TASK ITEM: Using the data below, print exactly the line with "Classic styling meets", the line with "The TFA model", and every line between them, but none of the pictures.

THE INPUT:
+ + + + + + +

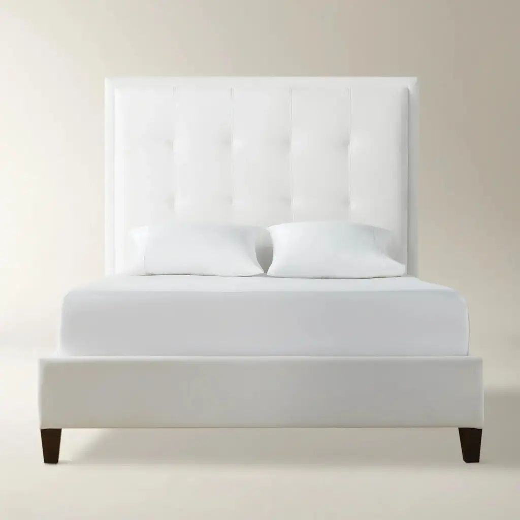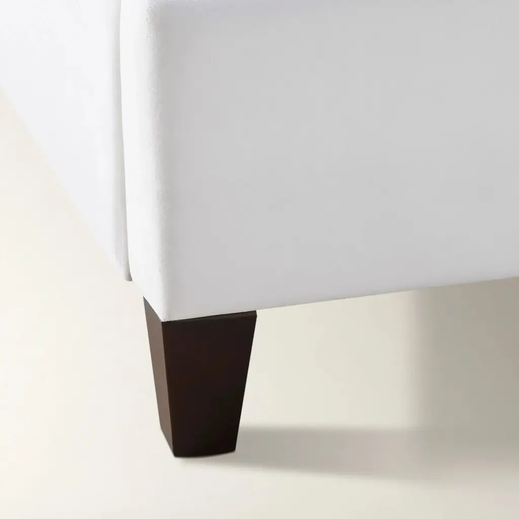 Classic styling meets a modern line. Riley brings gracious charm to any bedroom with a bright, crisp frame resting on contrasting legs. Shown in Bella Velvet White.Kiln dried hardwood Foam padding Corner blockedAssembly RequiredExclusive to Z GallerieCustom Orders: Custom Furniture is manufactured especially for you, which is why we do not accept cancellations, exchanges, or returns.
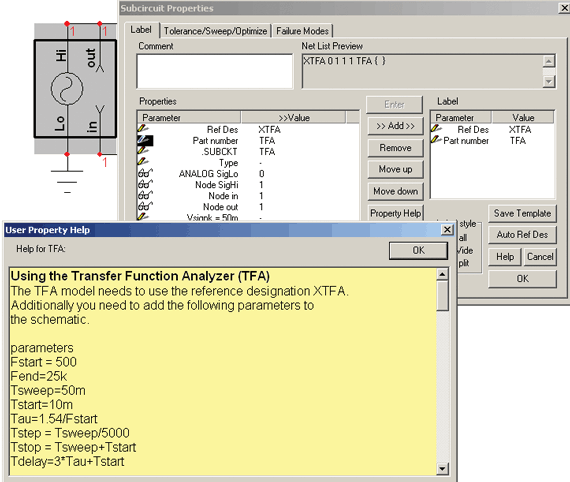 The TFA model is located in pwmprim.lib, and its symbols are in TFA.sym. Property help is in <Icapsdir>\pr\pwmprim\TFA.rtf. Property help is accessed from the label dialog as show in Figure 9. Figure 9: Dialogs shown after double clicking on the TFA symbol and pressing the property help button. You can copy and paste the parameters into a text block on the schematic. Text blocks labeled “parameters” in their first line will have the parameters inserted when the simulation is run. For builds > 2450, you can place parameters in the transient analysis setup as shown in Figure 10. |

+ + + + + + +

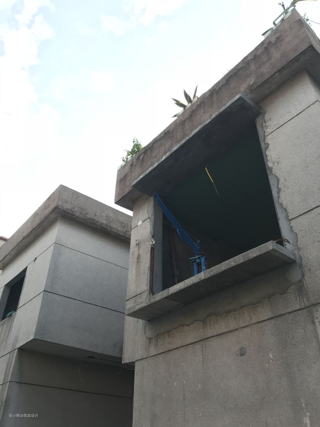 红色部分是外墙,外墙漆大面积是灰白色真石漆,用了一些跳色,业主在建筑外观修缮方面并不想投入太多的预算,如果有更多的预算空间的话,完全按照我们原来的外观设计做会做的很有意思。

+ + + + + + +

SOLUTION FOR THIS EXERCISE:
 Classic styling meets a modern line. Riley brings gracious charm to any bedroom with a bright, crisp frame resting on contrasting legs. Shown in Bella Velvet White.Kiln dried hardwood Foam padding Corner blockedAssembly RequiredExclusive to Z GallerieCustom Orders: Custom Furniture is manufactured especially for you, which is why we do not accept cancellations, exchanges, or returns.
 The TFA model is located in pwmprim.lib, and its symbols are in TFA.sym. Property help is in <Icapsdir>\pr\pwmprim\TFA.rtf. Property help is accessed from the label dialog as show in Figure 9. Figure 9: Dialogs shown after double clicking on the TFA symbol and pressing the property help button. You can copy and paste the parameters into a text block on the schematic. Text blocks labeled “parameters” in their first line will have the parameters inserted when the simulation is run. For builds > 2450, you can place parameters in the transient analysis setup as shown in Figure 10. |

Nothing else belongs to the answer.